In this embodiment, preferably, the flow-guiding passage P extends from the starting end C to the engagement position A, and two inner side walls of the flow-guiding passage P are a first side wall W1 located on the non-orbiting scroll wrap 220 and a second side wall W2 located on the peripheral wall 223, the first side wall W1 and the second side wall W2 (including the bridging portion Q) converge from the engagement position A to the starting end C, that is, a second radial width X of the flow-guiding passage P defined by the first side wall W1 and the second side wall W2 (including the bridging portion Q) integrally decreases from the engagement position A toward the starting end C. It should be noted that this is not limited to the case that the second radial width X always progressively decreases from the engagement position A to the starting end C (which will be detailed below), and the second radial width X of the flow-guiding passage P is smaller than a first radial width Xm of an adjacent section adjacent to the flow-guiding passage P, that is, an extension section from the engagement position A in FIG. 3 and FIG. 4 and including the engagement position A. In addition, the first side wall W1 includes a first section W11 extending from the starting end C and a remaining second section W12, a first curvature center of the first section W11 and a second curvature center of the second section W12 are respectively located on radially opposite sides of a flow-guiding wrap section P20 (or the first side wall W1) located in an extension range of the flow-guiding passage P of the non-orbiting scroll wrap 220, that is, as shown in FIG. 3 and FIG. 4, the first section W11 and the second section W12 take a position of point B as the boundary, the first section W11 and the second section W12 on two sides of point B are curved in opposite directions as shown in the figure, and a curvature change value of the first section W11 is larger than a curvature change value of the second section W12, that is, the first section W11 integrally has a smaller radius of curvature than the second section W12.

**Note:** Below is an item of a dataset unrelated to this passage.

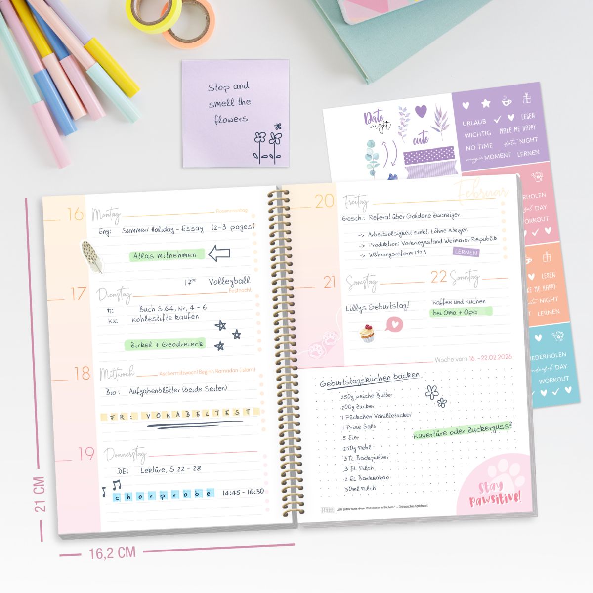 Häfft® College-Timer 2025/2026, der ultimative Schülerkalender für die Schule und ein bunter Terminplaner für Freizeit, Freunde und Spaß – nachhaltig & klimafreundlich.

It can be seen that the first section W11 and the second section W112 are curved in opposite directions as shown in the figure, and the curvature change value of the first section W11 is larger than the curvature change value of the second section W12. Therefore, although the second radial width X of the flow-guiding passage P integrally decreases from the engagement position A to the starting end C, the second radial width X does not always progressively decrease from the engagement position A to the starting end C. According to the different design of the streamline curved radian of the first side wall W1 and the second side wall W2 of the flow-guiding passage P in practical application, the value of the second radial width X of the flow-guiding passage P may fluctuate locally, for example, especially near point B, but may not always progressively decrease.

However, in the first embodiment, the second radial width X progressively decreases from the engagement position A to the starting end C to form a smooth and gradual streamline, which reduces the flow resistance of the refrigerant and the pressure gradient of the refrigerant. In addition, the above two-stage design with different curved directions and different curvature is specially designed for the flow of the refrigerant in the flow-guiding passage P, which can significantly reduce the turbulence and pressure loss of the refrigerant, thus providing better flow-guiding effect for the refrigerant.

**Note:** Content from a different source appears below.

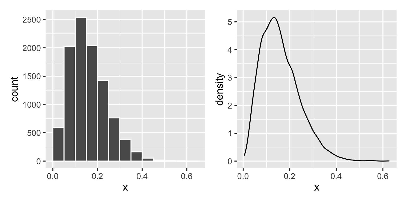 temp_data <- tibble(x = rbeta(10000, shape1 = 3, shape2 = 16))

It should be noted here that, as described above, in this embodiment, the air inlet S in the peripheral wall 223 has the configuration in FIG. 2c as described above, and as shown in FIG. 3 and FIG. 4, the peripheral wall 223 includes a bridging portion Q located above the air inlet S, and the bridging portion Q may guide the flow of refrigerant. Therefore, the second radial width X of the flow-guiding passage P as described above mainly refers to the second radial width X defined by the first side wall W1 and the second side wall W2 (including a side wall of a section of the bridging portion Q). However, it should be understood that the second radial width X of the flow-guiding passage P as described above also covers a radial width X′ of the bottom of the flow-guiding passage P which is adjacent to the air inlet S and is defined by an outer edge S10 of the bottom of the flow-guiding passage P and the first side wall W1. Specifically, as shown in FIG. 3 and FIG. 4, in order to provide more flow-guiding space for the flow of the refrigerant, the second side wall W2 on an inner side of the bridging portion Q expands radially outward, that is, when looking down from the first side surface 222 of the non-orbiting scroll end plate 221 of the non-orbiting scroll 22 shown in FIG. 3 and FIG. 4, the outer edge S10 at the bottom of the flow-guiding passage P can be seen through the second side wall W2 on the inner side of the bridging portion Q, that is, a part of the air inlet S can be seen, that is, the second radial width X defined by the first side wall W1 and the second side wall W2 is slightly larger than the radial width X′ of the bottom of the flow-guiding passage P. The design of the radial width X′ can be similar to the design of the second radial width X defined by the second side wall W1 and the second side wall W2, that is, the radial width X′ of the bottom of the flow-guiding passage P is smaller than the first radial width Xm of the adjacent section, and preferably, the radial width X′ decrease or progressively decrease from the engagement position A to the starting end C. It should be understood that the above design is also applicable to the air inlet S which does not include the configuration of the bridging portion Q, as shown in FIG. 2b.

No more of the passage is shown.